** GIVEN INFORMATION follows **

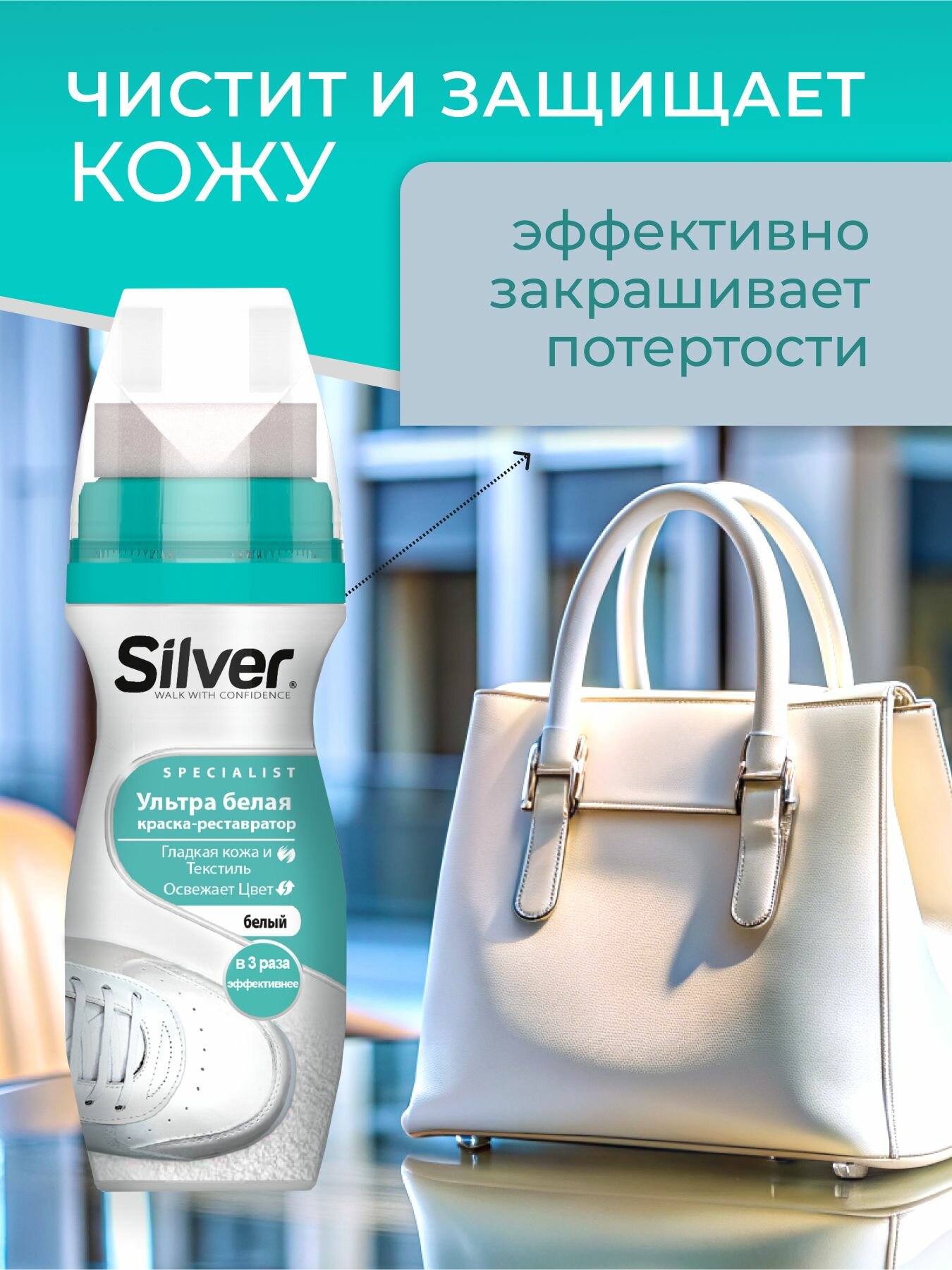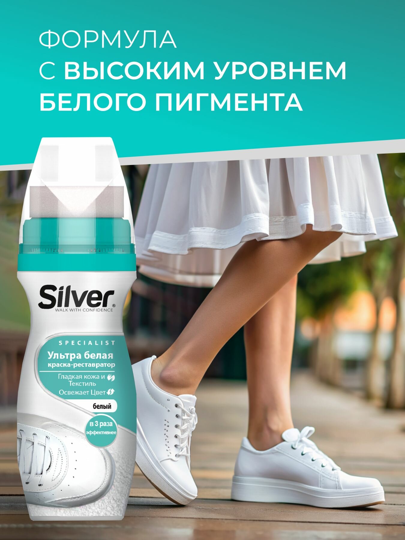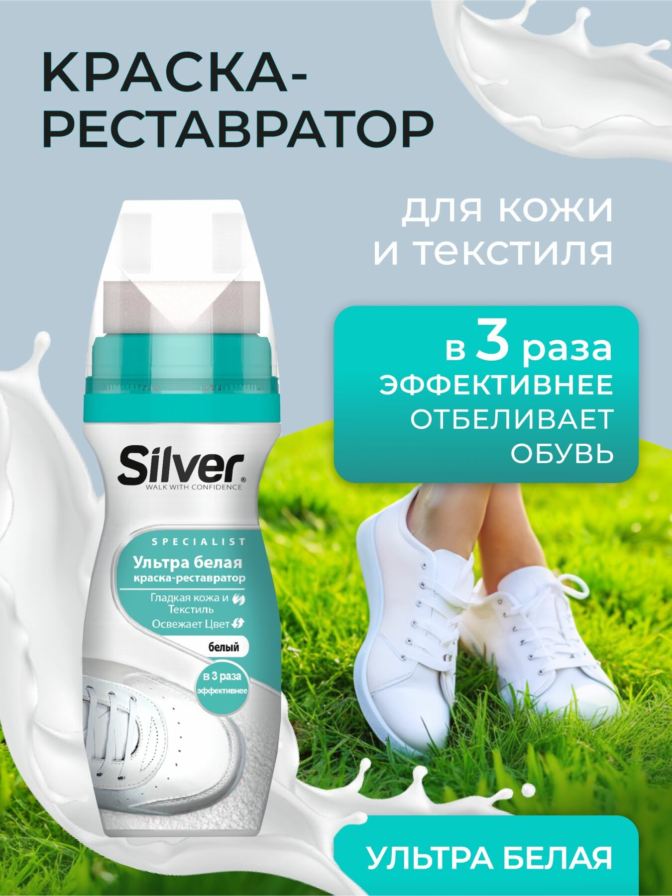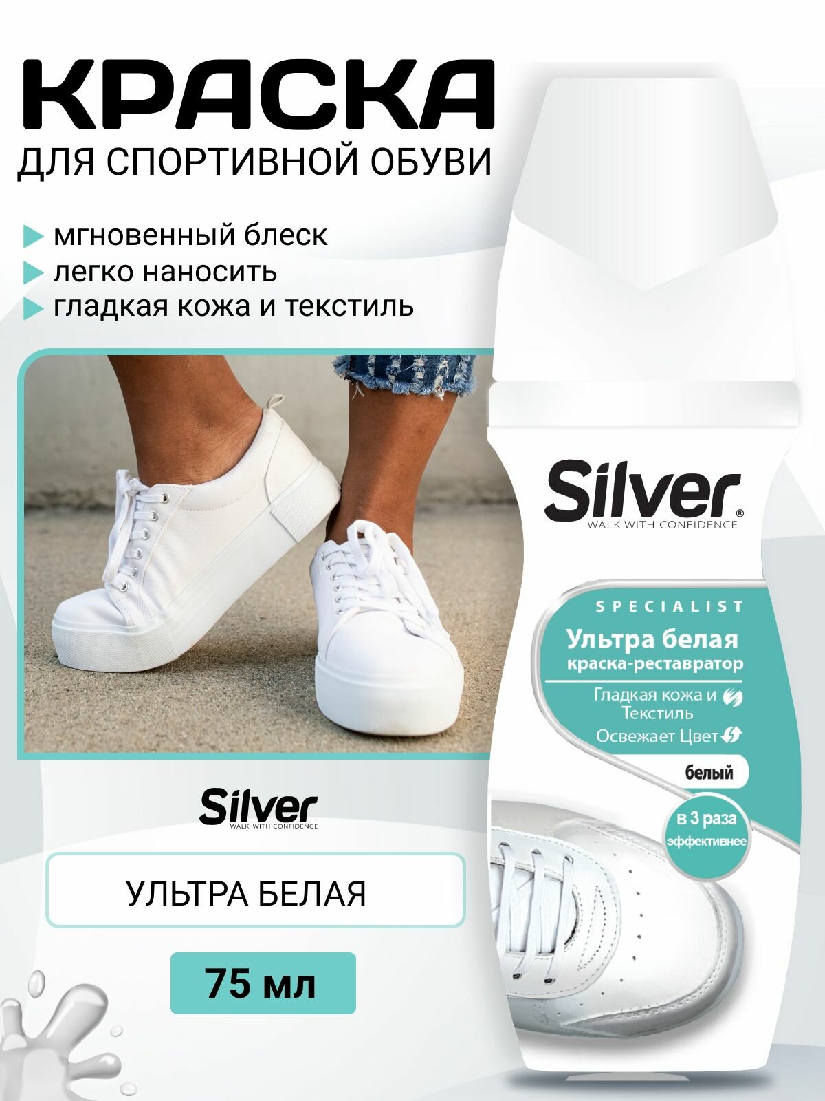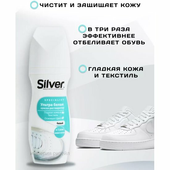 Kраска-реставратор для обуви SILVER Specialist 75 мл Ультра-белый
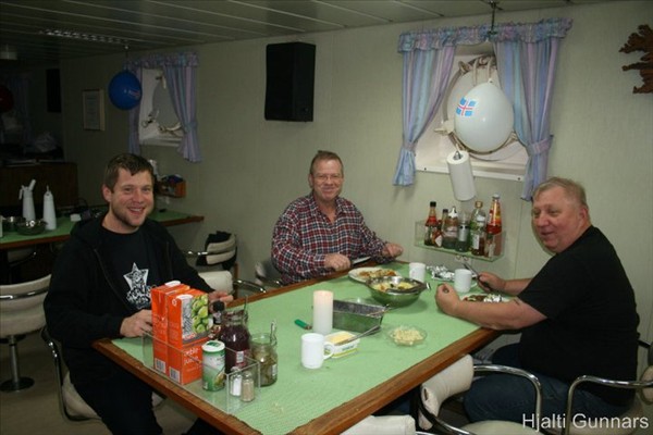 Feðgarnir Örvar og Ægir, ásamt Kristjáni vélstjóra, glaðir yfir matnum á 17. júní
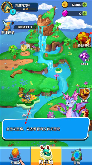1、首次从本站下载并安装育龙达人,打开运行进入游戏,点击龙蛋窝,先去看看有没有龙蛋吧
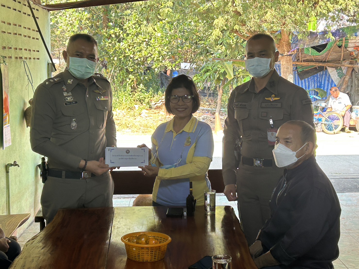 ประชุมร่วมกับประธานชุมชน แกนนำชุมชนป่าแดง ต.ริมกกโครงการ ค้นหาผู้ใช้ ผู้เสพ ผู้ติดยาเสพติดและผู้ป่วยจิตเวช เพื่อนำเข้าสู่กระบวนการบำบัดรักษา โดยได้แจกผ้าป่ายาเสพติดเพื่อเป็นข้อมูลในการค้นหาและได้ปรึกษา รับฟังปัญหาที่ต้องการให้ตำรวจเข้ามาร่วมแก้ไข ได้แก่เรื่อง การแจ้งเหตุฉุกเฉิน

** End of GIVEN INFORMATION **

## TASK BRIEF
Repeat the whole of the material above exactly, but keep the pictures out.

## RESULT FOR THIS EXERCISE
 Kраска-реставратор для обуви SILVER Specialist 75 мл Ультра-белый
 Feðgarnir Örvar og Ægir, ásamt Kristjáni vélstjóra, glaðir yfir matnum á 17. júní
1、首次从本站下载并安装育龙达人,打开运行进入游戏,点击龙蛋窝,先去看看有没有龙蛋吧
 ประชุมร่วมกับประธานชุมชน แกนนำชุมชนป่าแดง ต.ริมกกโครงการ ค้นหาผู้ใช้ ผู้เสพ ผู้ติดยาเสพติดและผู้ป่วยจิตเวช เพื่อนำเข้าสู่กระบวนการบำบัดรักษา โดยได้แจกผ้าป่ายาเสพติดเพื่อเป็นข้อมูลในการค้นหาและได้ปรึกษา รับฟังปัญหาที่ต้องการให้ตำรวจเข้ามาร่วมแก้ไข ได้แก่เรื่อง การแจ้งเหตุฉุกเฉิน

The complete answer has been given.